Заприметив приближающегося милиционера, мужичок вытянул ноги и скрестил руки на впалой груди, приняв позу отрешенного мыслителя, задумавшегося о закономерностях бытия. Весь его вид говорил о том, что все вопросы житейского характера – ничто по сравнению с думой, его посетившей.

– Документы, – протянул руку лейтенант, и в голове пронеслось: «А зачем мне его документы? Спрашивал ведь уже. Все равно не покажет».

В ответ бородач, не меняя позы, поднял на участкового щедро исчерченные красной сосудистой сеткой глаза и с недоумением посмотрел.

– Спрашивали уже. Нету. – Он почесал заросшую щетиной шею и развел руками.

– А были?

Мужичок кивнул.

– Ну и куда тогда делись? – без протокольной интонации поинтересовался Куруськин, испытав острое желание сесть на край песочницы и вытянуть взопревшие в форменных ботинках ноги.

– А кто ж его знает? – искренне удивился бородач. – Может, Маня взяла. А может, выронил где. Разве ж вспомнишь?!

Участковый переступил с ноги на ногу, но сесть не решился.

– Сидай, лейтенант. Чё стоять? В ногах правды нет, – доверительно сообщил беспаспортный, словно почувствовав тайное желание Толи Куруськина.

Участковый повертел головой по сторонам, пытаясь определить, как будет воспринят акт его доброй, демократической воли, если он присядет рядышком с тем, кто во всех смыслах нуждается в административной опеке.
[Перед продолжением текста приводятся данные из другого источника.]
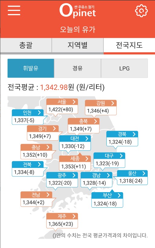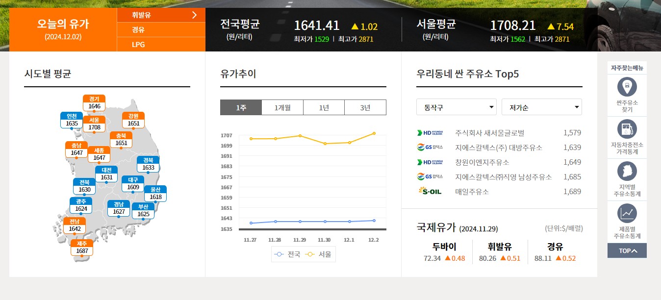오늘의 유가를 휘발유, 경유, LPG 모두 확인할 수 있습니다. 또한 전국 시도별 평균 가격 또한 바로 확인할 수 있습니다. 무엇보다 우리동네 싼 주요소 TOP5의 경우 정말 유용하게 비교해보며 사용할 수 있는 메뉴인 것 같습니다.
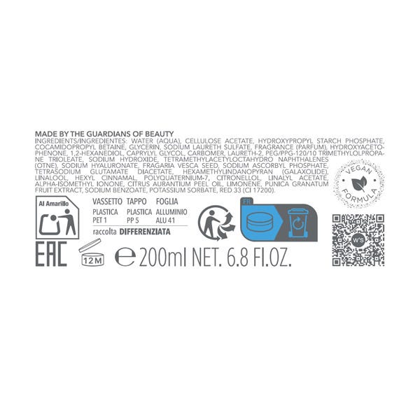 INGREDIENTS/INGREDIENTES: WATER (AQUA), CELLULOSE ACETATE, HYDROXYPROPYL STARCH PHOSPHATE, COCAMIDOPROPYL BETAINE, GLYCERIN, SODIUM LAURETH SULFATE, FRAGRANCE (PARFUM), HYDROXYACETOPHENONE, 1,2-HEXANEDIOL, CAPRYLYL GLYCOL, CARBOMER, LAURETH-2, PEG/PPG-120/10 TRIMETHYLOLPROPANE TRIOLEATE, SODIUM HYDROXIDE, TETRAMETHYLACETYLOCTAHYDRO NAPHTHALENES (OTNE), SODIUM HYALURONATE, FRAGARIA VESCA SEED, SODIUM ASCORBYL PHOSPHATE, TETRASODIUM GLUTAMATE DIACETATE, HEXAMETHYLINDANOPYRAN (GALAXOLIDE), LINALOOL, HEXYL CINNAMAL, POLYQUATERNIUM-7, CITRONELLOL, LINALYL ACETATE, ALPHA-ISOMETHYL IONONE, CITRUS AURANTIUM PEEL OIL, LIMONENE, PUNICA GRANATUM FRUIT EXTRACT, SODIUM BENZOATE, POTASSIUM SORBATE, RED 33 (CI 17200).
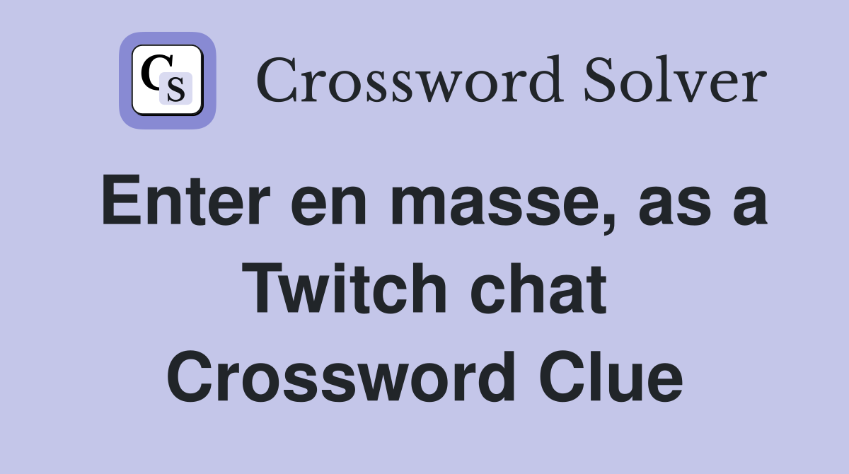 Enter en masse as a Twitch chat Crossword Clue Answers Crossword
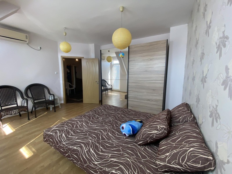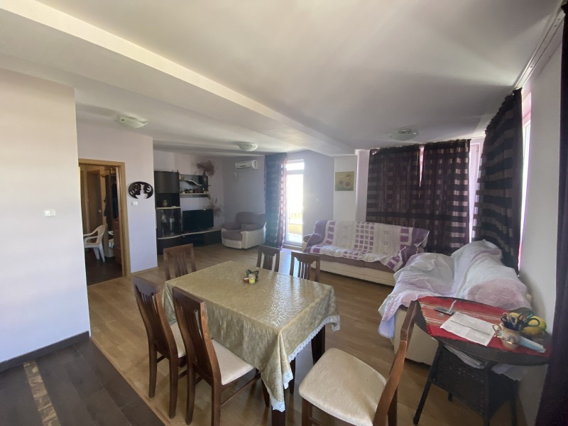 Предлагаме ви един просторен, стилно обзаведен тристаен апартамент в жилищна сграда ново строителство, разположена в централната част на гр. Поморие, зад Общината, до Софарма на 200 метра от централната пешеходна улица и на 100 метра от плажа. Жилището се намира на 6-ти последен етаж, единствен апартамент на етажа, целогодишно работещ асансьор. Има обща застроена площ от 137.08 кв.м и се предлага напълно обзаведено и оборудвано с мебели и техника. Състои се от преддверие, баня с тоалетна, една голяма (основна спалня) с излаз на тераса, втора просторна спалня и много просторна всекидневна с кухненски бокс, отново с излас към тераса, баня с тоалетна и отделно мокро помещение. Изложението е изток-север-запад. Има инсталирани климатици във всички стаи. Подходящ както за целогодишно, така и за сезонно ползване. Акт 16. Отделни партиди за вода и електричество по битови тарифи.

Похоже, до лейтенанта никому не было дела: управдома Гаврилова и след простыл, а у подъезда Марфы Соболевой, кроме огромной Ждановой, застывшей над оскверненной Петром Вениаминовичем клумбой, никого не наблюдалось.

– Давай, – мужичок похлопал ладонью по деревянному бортику песочницы. – Не бойся, не запачкаешься, – пообещал он и со свистом подул на деревяшку, чтобы с той слетели все песчинки. От такого отношения к себе Куруськину стало неловко, и он, подтянув брюки на коленях, аккуратно приземлился рядом с бородатым соседом. – Цветков, – представился мужичок и протянул милиционеру руку: – Аверьян Юрьевич.

– Лейтенант Куруськин, – представился участковый и хотел было по привычке взять под козырек, но вспомнил, что фуражка – под мышкой.

– Это, мил-человек, звание у тебя такое «лейтенант», а по-человечески если?

Что значит «по-человечески», милиционер понял не сразу. Равно как и не сразу определил, что тон в разговоре задает не он сам как представитель власти, а этот – с безумным доисторическим именем Аверьян, панибратски протягивающий ему испачканную в масляной краске руку, пожать которую участковый так и не решился. Обладатель всклокоченной бороды с недоумением посмотрел на свою повисшую в пустоте руку и вытер ее об линялое фиолетовое трико.

– Это краска, – объяснил он, заподозрив, что лейтенант боится испачкаться. – Не отмывается. Растворителя нет, Маня куда-то задевала. Вот придет – даст.

– Не придет. – Задрав голову вверх, Куруськин втянул в себя нагретый солнцем воздух.

– Приде-о-от! – заверил его Цветков и тоже посмотрел вверх. Ничего примечательного там не было: только небо и на нем солнце. – Куда денется!

– А вы ей, гражданин Цветков, кто? Сожитель?

При слове «сожитель» бородач зажмурился и отрицательно замотал головой.

– Тогда, может, родственник? – Лейтенант не терял надежды определить степень близости Марфы Соболевой и откопанного в ее квартире найденыша.

– В смысле, что родная душа? Тогда – родственник. По-другому и не скажешь.

Однако ответ Куруськина не удовлетворил, а поэтому он для окончательного выяснения ситуации вопрос переформулировал:

– Что вы делали в квартире Марфы Васильевны Соболевой в то время, пока ее отправляли на принудительное лечение в психиатрическую больницу?